== INPUT DATA ==
┏━━
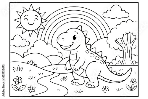 Cute Cartoon Dinosaur in a Sunny Landscape with Rainbow
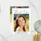 Élégant carte de remerciements de remise de diplômes avec la photo du diplômé, "merci" dans un script élégant et leur nom, l'école et l'année de classe en simple typographie. Au contraire, ajoutez une photo supplémentaire, personnalisez un message de remerciement et ajoutez le nom du grad dans un script signature.
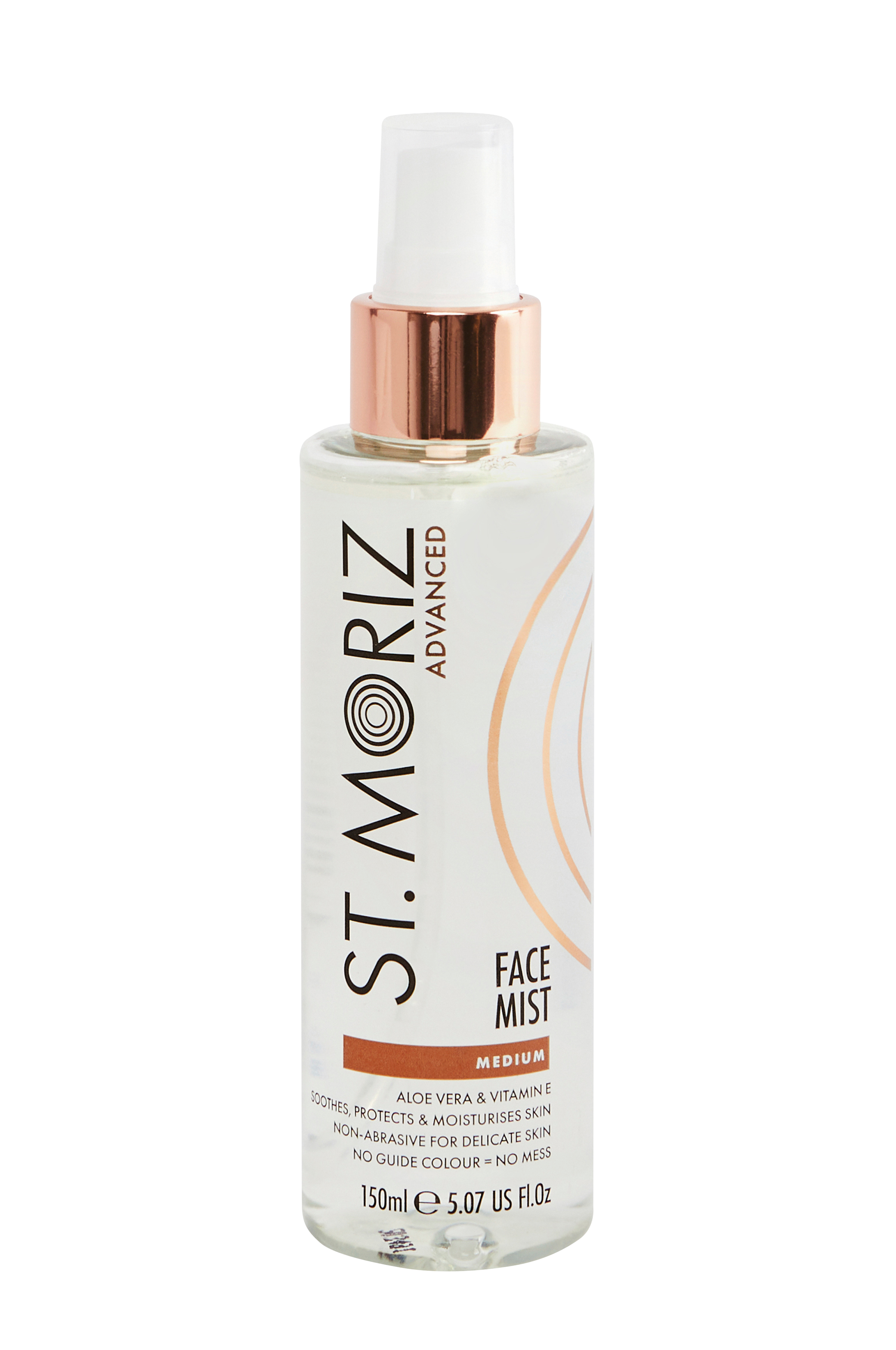 St. Moriz mild Face Tanning Mist indeholder aloe vera og E-vitamin, som hjælper med at berolige og beskytte huden mod daglig forurening, samtidig med at den giver dig en gylden og strålende hud.
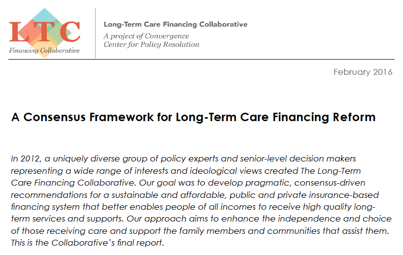 Today, the Long-Term Financing Collaborative (LTCFC) released their final report: A Consensus Framework for Long-Term Care Financing Reform. The proposals released today includes: Clear private and public roles for long-term care financing A new universal catastrophic long-term care insurance program Redefining Medicaid LTSS Encouraging private long-term care insurance initiatives Increasing retirement savings and improving public education LTCFC is a diverse … Read More
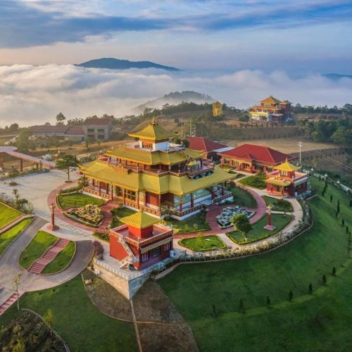 Mới bước vào khuôn viên chùa, bạn sẽ lập tức choáng ngợp với kiến trúc khối lập phương dát vàng rực rỡ của công trình này. Không giống như vẻ xa hoa kiểu Đông Nam Á của chùa Thái hay Campuchia, kiến trúc Mật Tông Tây Tạng đơn giản hơn nhiều và mang vẻ đẹp huyền bí rất riêng. Các vách tường vàng óng quanh chùa là điểm “sống ảo" nổi tiếng nhất ở đây. Bên cạnh đó, bạn cũng có thể dạo quanh khuôn viên rộng lớn bên ngoài, check-in ở sân thượng lộng gió hoặc vườn cây trong chùa,...
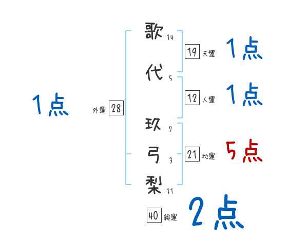 地運![]() | 歌代玖弓梨さんの地運は21画の5つ星!統率力がある。独立し成功する。名誉を手に入れる。 個性を表す基礎的な運勢です。性格形成や対人関係、行動力など家庭環境に影響されます。主に誕生してから20歳くらいまでの若年期の運勢を表します。 |
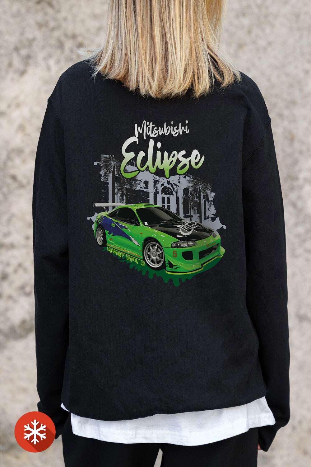 Женский Утепленный Оверсайз Свитшот На Флисе С Принтом Eclips Black Without 8055603
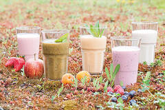 Idealerweise sollten Sie Ihren Smoothie sowieso frisch zubereiten – selbst gemacht schmeckt’s immer noch am besten, und so wissen Sie genau, was drin ist. Ob Beeren, Marillen, Äpfel, Karotten: Mixen Sie je nach Gusto Ihren Lieblings-Smoothie. Erlaubt ist, was schmeckt. Früchte waschen, bei Bedarf schälen und in kleine Stücke schneiden. Ob Sie das kleingeschnittene Obst nun mit einem Pürierstab oder einem Standmixer pürieren, kommt auf die Obstmenge an. Ist Ihr Smoothie zu dickflüssig oder breiig, können Sie ihn mit etwas Wasser oder Milch verdünnen. Seien Sie kreativ und
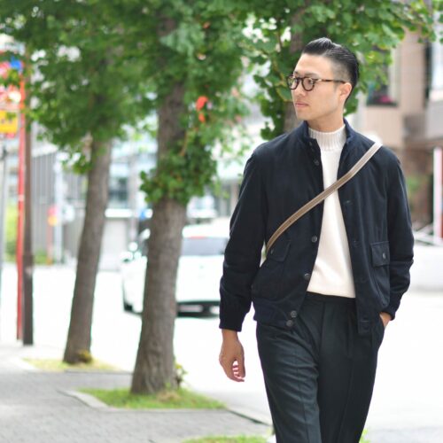 ネイビーシックなレザースタイル。
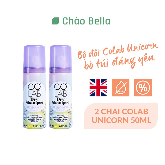 Combo 2 Dầu Gội Khô Colab Mini Hương Unicorn 50ml/chai Lành Tính Giúp Tóc Sạch Bồng Bềnh Và Vào Nếp Trong 5 Giây
┗━━
== TASK DETAILS ==
Transcribe every entry above exactly as it stands, but skip the images.

== ANSWER SECTION ==
 Cute Cartoon Dinosaur in a Sunny Landscape with Rainbow
 Élégant carte de remerciements de remise de diplômes avec la photo du diplômé, "merci" dans un script élégant et leur nom, l'école et l'année de classe en simple typographie. Au contraire, ajoutez une photo supplémentaire, personnalisez un message de remerciement et ajoutez le nom du grad dans un script signature.
 St. Moriz mild Face Tanning Mist indeholder aloe vera og E-vitamin, som hjælper med at berolige og beskytte huden mod daglig forurening, samtidig med at den giver dig en gylden og strålende hud.
 Today, the Long-Term Financing Collaborative (LTCFC) released their final report: A Consensus Framework for Long-Term Care Financing Reform. The proposals released today includes: Clear private and public roles for long-term care financing A new universal catastrophic long-term care insurance program Redefining Medicaid LTSS Encouraging private long-term care insurance initiatives Increasing retirement savings and improving public education LTCFC is a diverse … Read More
 Mới bước vào khuôn viên chùa, bạn sẽ lập tức choáng ngợp với kiến trúc khối lập phương dát vàng rực rỡ của công trình này. Không giống như vẻ xa hoa kiểu Đông Nam Á của chùa Thái hay Campuchia, kiến trúc Mật Tông Tây Tạng đơn giản hơn nhiều và mang vẻ đẹp huyền bí rất riêng. Các vách tường vàng óng quanh chùa là điểm “sống ảo" nổi tiếng nhất ở đây. Bên cạnh đó, bạn cũng có thể dạo quanh khuôn viên rộng lớn bên ngoài, check-in ở sân thượng lộng gió hoặc vườn cây trong chùa,...
 地運![]() | 歌代玖弓梨さんの地運は21画の5つ星!統率力がある。独立し成功する。名誉を手に入れる。 個性を表す基礎的な運勢です。性格形成や対人関係、行動力など家庭環境に影響されます。主に誕生してから20歳くらいまでの若年期の運勢を表します。 |
 Женский Утепленный Оверсайз Свитшот На Флисе С Принтом Eclips Black Without 8055603
 Idealerweise sollten Sie Ihren Smoothie sowieso frisch zubereiten – selbst gemacht schmeckt’s immer noch am besten, und so wissen Sie genau, was drin ist. Ob Beeren, Marillen, Äpfel, Karotten: Mixen Sie je nach Gusto Ihren Lieblings-Smoothie. Erlaubt ist, was schmeckt. Früchte waschen, bei Bedarf schälen und in kleine Stücke schneiden. Ob Sie das kleingeschnittene Obst nun mit einem Pürierstab oder einem Standmixer pürieren, kommt auf die Obstmenge an. Ist Ihr Smoothie zu dickflüssig oder breiig, können Sie ihn mit etwas Wasser oder Milch verdünnen. Seien Sie kreativ und
 ネイビーシックなレザースタイル。
 Combo 2 Dầu Gội Khô Colab Mini Hương Unicorn 50ml/chai Lành Tính Giúp Tóc Sạch Bồng Bềnh Và Vào Nếp Trong 5 Giây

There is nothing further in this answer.